■ About this task: Further down are entries; set down exactly and only the lines from the one with "PHOTO CUTLINE: Minister" up to and including the one with "- Цвет волос: блонд", dropping each picture.

*** Opening Exercise material ***

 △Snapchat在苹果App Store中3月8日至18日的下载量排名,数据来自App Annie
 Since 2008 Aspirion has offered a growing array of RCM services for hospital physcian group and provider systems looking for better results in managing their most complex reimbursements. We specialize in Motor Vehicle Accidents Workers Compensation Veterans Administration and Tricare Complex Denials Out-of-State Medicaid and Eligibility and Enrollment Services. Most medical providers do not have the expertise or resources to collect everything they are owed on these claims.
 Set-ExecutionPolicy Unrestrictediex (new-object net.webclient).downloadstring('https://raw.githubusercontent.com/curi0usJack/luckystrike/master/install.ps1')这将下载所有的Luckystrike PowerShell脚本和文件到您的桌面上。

*** Closing Exercise material ***
*** Opening Exercise material ***

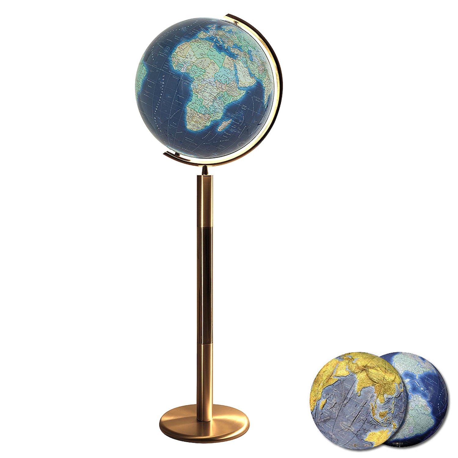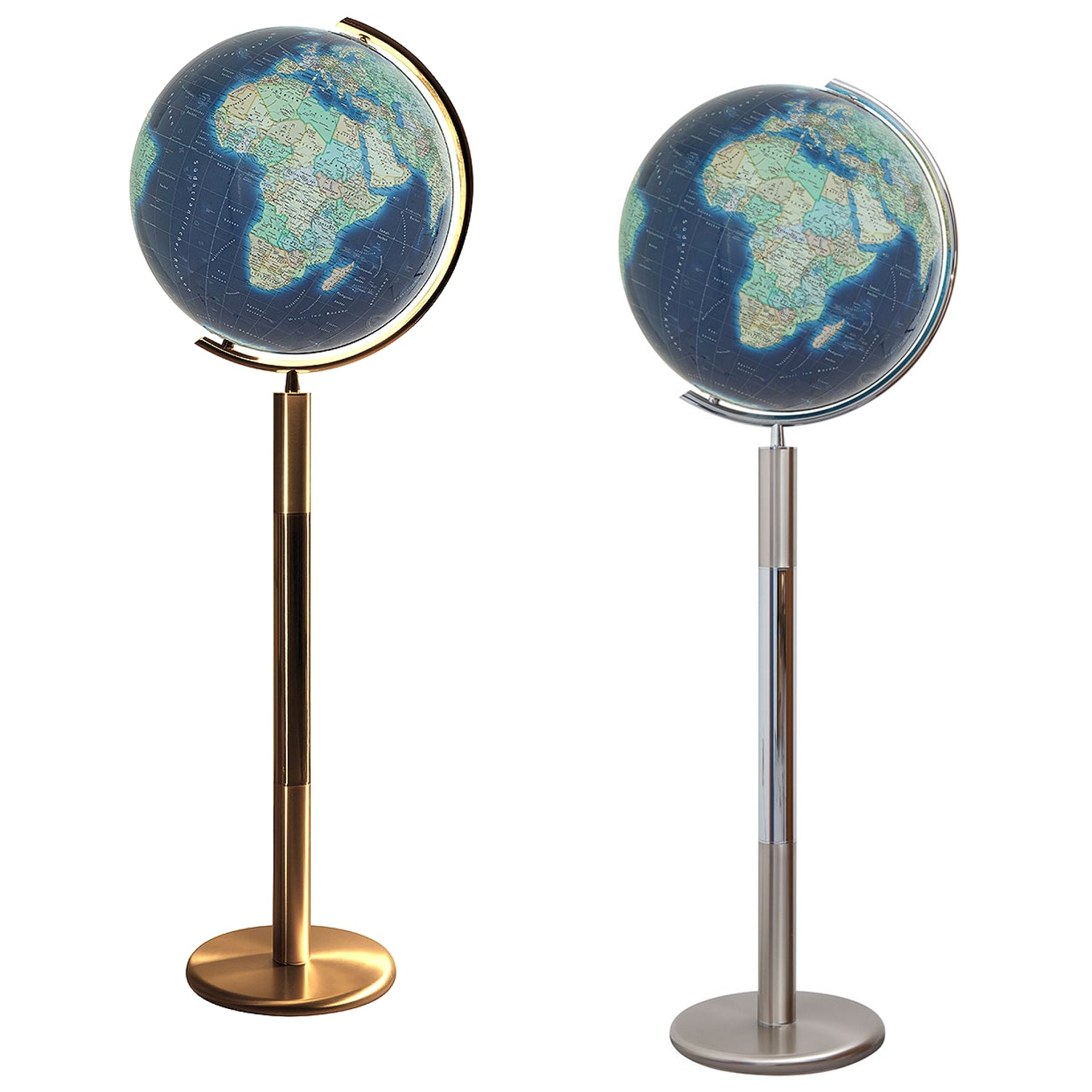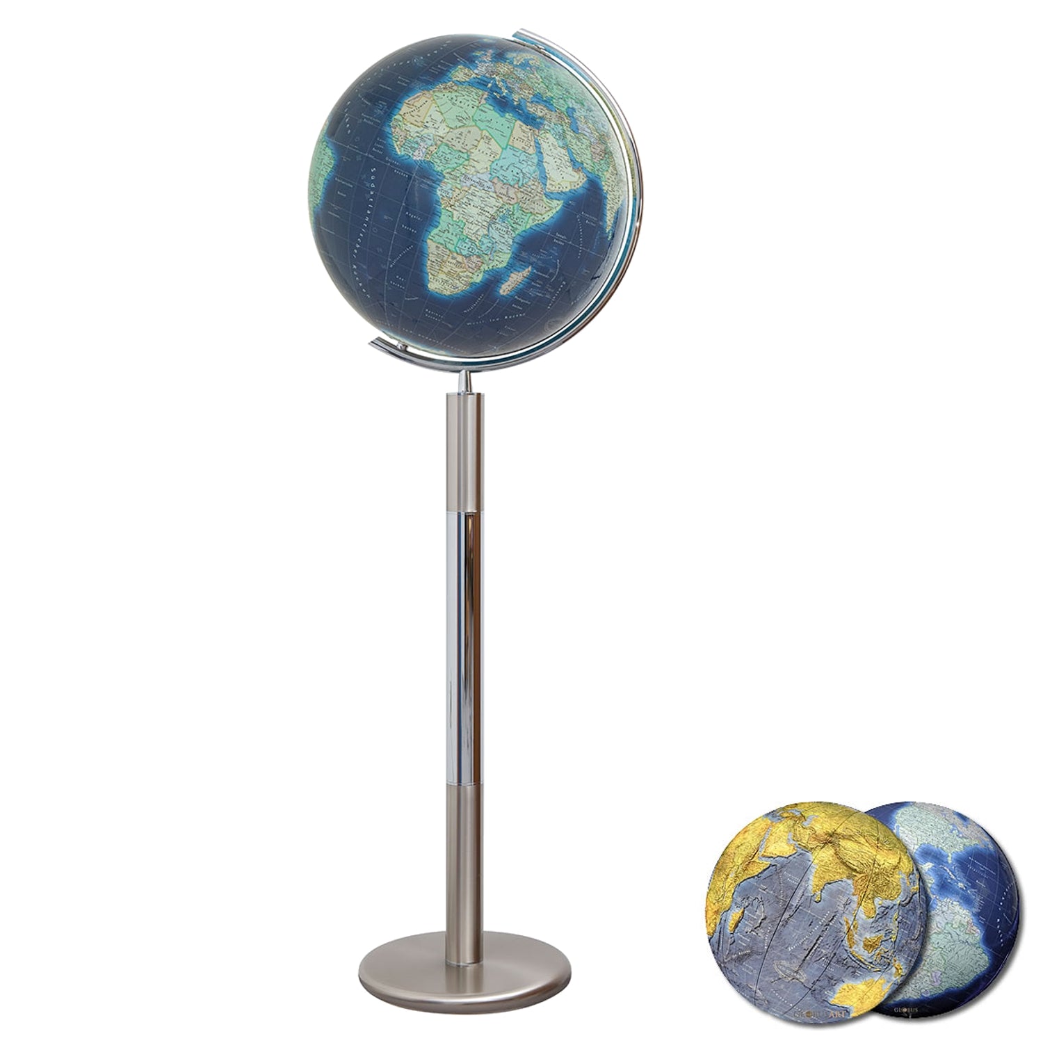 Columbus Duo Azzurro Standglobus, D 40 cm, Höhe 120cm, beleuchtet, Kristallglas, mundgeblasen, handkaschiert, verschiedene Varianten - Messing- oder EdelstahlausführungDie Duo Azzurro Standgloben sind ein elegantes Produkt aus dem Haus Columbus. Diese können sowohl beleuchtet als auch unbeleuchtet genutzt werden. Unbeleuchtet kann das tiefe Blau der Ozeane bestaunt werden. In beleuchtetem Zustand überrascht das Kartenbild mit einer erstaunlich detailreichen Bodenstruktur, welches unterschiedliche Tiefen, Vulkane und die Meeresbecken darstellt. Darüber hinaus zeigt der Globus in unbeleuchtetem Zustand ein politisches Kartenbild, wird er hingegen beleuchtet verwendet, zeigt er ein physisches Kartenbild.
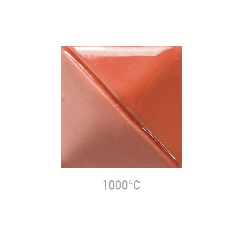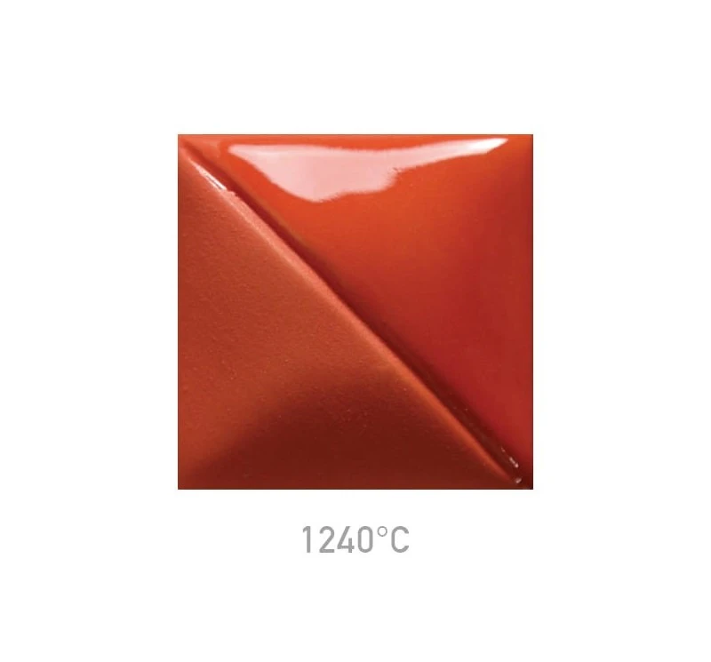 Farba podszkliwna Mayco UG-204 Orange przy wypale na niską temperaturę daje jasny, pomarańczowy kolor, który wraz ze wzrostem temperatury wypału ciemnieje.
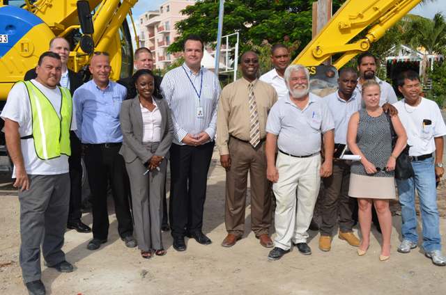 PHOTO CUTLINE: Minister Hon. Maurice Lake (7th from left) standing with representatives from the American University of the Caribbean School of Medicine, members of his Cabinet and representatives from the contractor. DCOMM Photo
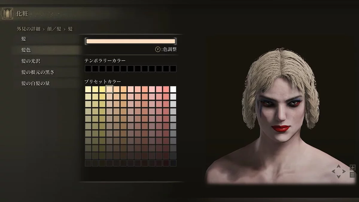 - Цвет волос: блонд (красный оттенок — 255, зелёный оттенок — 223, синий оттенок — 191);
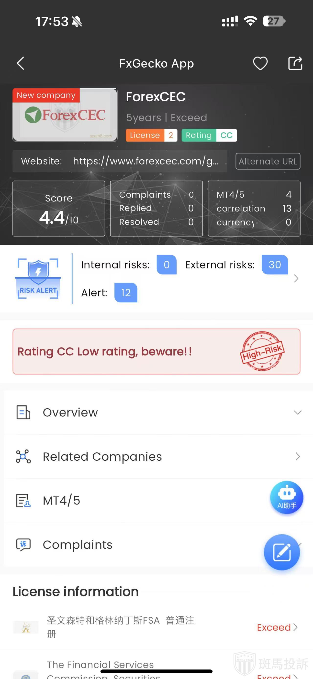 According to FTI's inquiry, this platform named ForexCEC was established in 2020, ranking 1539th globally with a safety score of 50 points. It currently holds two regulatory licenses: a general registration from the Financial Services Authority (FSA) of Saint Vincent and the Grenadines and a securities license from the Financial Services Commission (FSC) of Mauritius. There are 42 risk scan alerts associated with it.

*** Closing Exercise material ***
*** Opening Exercise material ***

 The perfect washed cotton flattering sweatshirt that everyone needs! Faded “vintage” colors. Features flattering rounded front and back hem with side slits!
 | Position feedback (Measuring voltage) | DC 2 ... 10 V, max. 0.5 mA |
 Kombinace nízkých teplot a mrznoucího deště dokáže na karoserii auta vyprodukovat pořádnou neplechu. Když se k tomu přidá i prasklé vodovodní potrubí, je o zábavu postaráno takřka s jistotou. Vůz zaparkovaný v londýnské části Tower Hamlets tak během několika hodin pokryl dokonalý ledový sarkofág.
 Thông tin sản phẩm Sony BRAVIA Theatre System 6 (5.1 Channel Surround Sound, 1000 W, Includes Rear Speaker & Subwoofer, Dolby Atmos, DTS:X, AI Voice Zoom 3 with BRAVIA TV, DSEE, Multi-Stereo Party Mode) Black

*** Closing Exercise material ***

■ Answer section:
 PHOTO CUTLINE: Minister Hon. Maurice Lake (7th from left) standing with representatives from the American University of the Caribbean School of Medicine, members of his Cabinet and representatives from the contractor. DCOMM Photo
 - Цвет волос: блонд (красный оттенок — 255, зелёный оттенок — 223, синий оттенок — 191);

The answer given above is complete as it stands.